→ **What the task asks**: In the entries below, find the line with "GRAFICI MENSILI DELLE" and the line with "Flash When this"; reproduce those two lines and all lines between them exactly, without pictures.

→ **Information shown**:
######
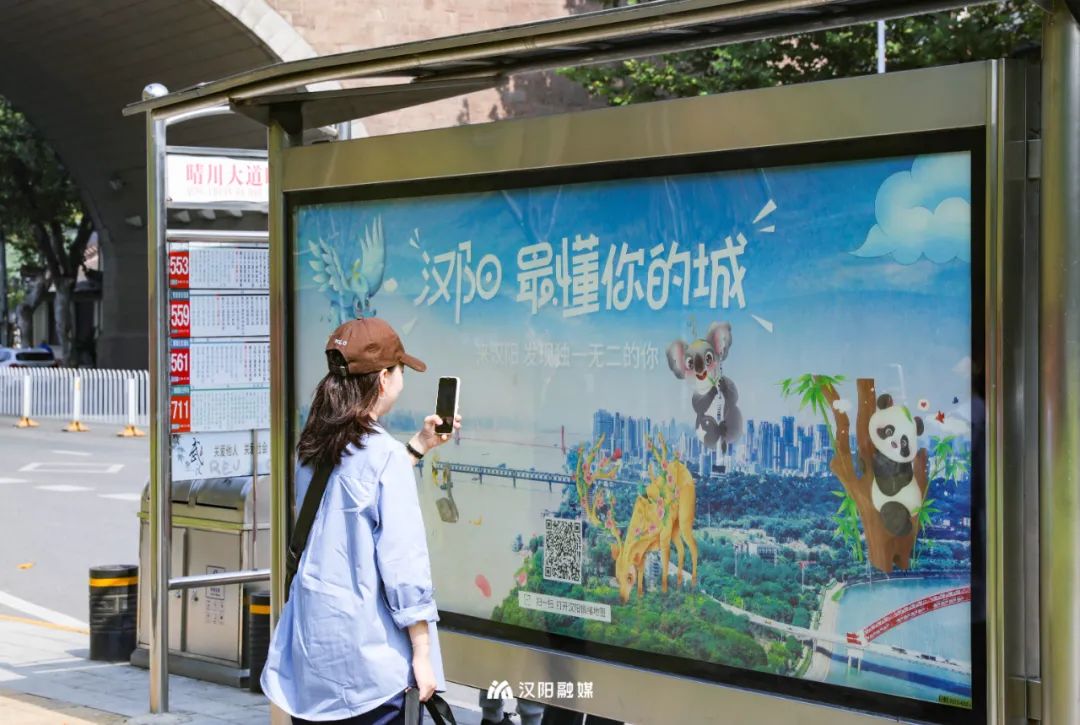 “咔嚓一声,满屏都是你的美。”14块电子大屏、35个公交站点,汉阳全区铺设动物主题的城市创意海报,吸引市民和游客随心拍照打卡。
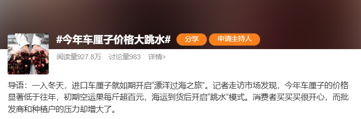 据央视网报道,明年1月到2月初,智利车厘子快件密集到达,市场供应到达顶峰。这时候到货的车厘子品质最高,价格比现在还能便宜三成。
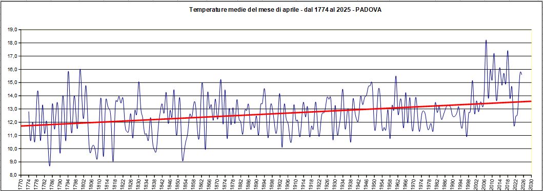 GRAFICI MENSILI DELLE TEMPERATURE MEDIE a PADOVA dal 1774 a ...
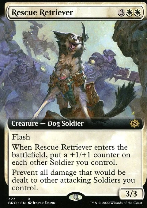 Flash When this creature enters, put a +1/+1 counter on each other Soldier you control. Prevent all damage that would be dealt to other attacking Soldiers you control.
######
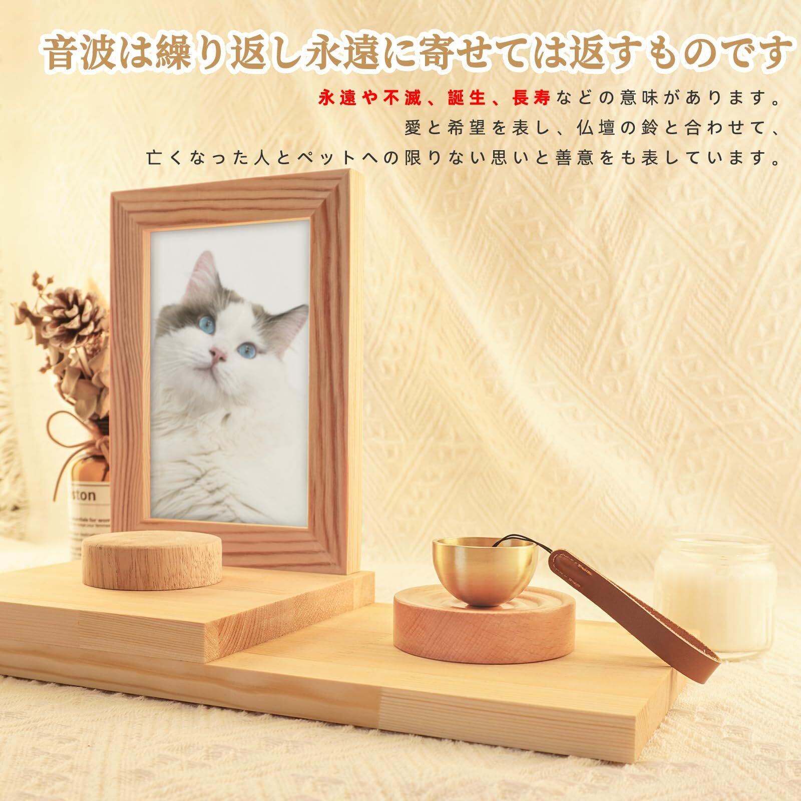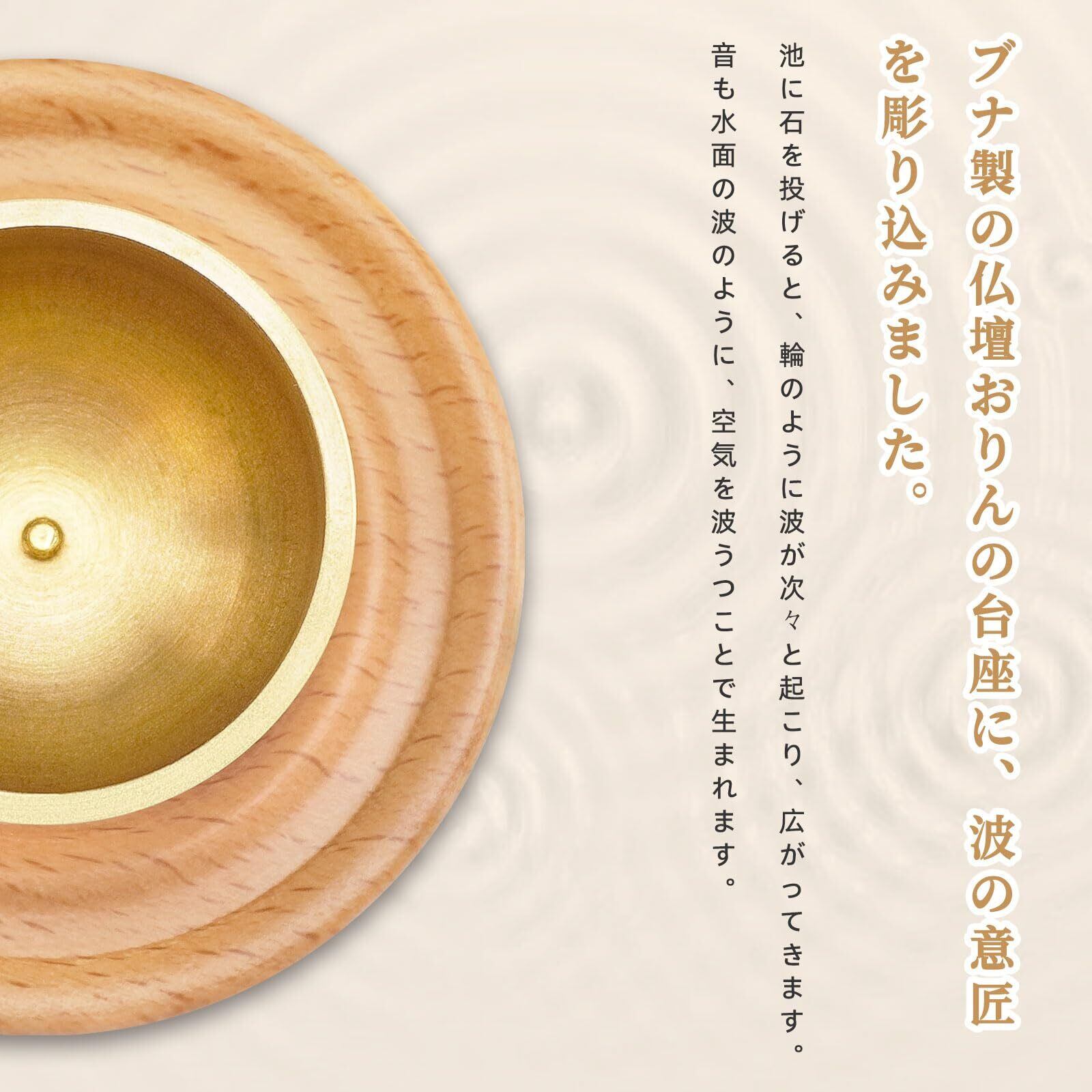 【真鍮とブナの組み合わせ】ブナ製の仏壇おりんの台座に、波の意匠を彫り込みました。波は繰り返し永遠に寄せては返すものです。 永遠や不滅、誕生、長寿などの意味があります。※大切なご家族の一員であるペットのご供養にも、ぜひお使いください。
######
→ **Your solution**:
 GRAFICI MENSILI DELLE TEMPERATURE MEDIE a PADOVA dal 1774 a ...
 Flash When this creature enters, put a +1/+1 counter on each other Soldier you control. Prevent all damage that would be dealt to other attacking Soldiers you control.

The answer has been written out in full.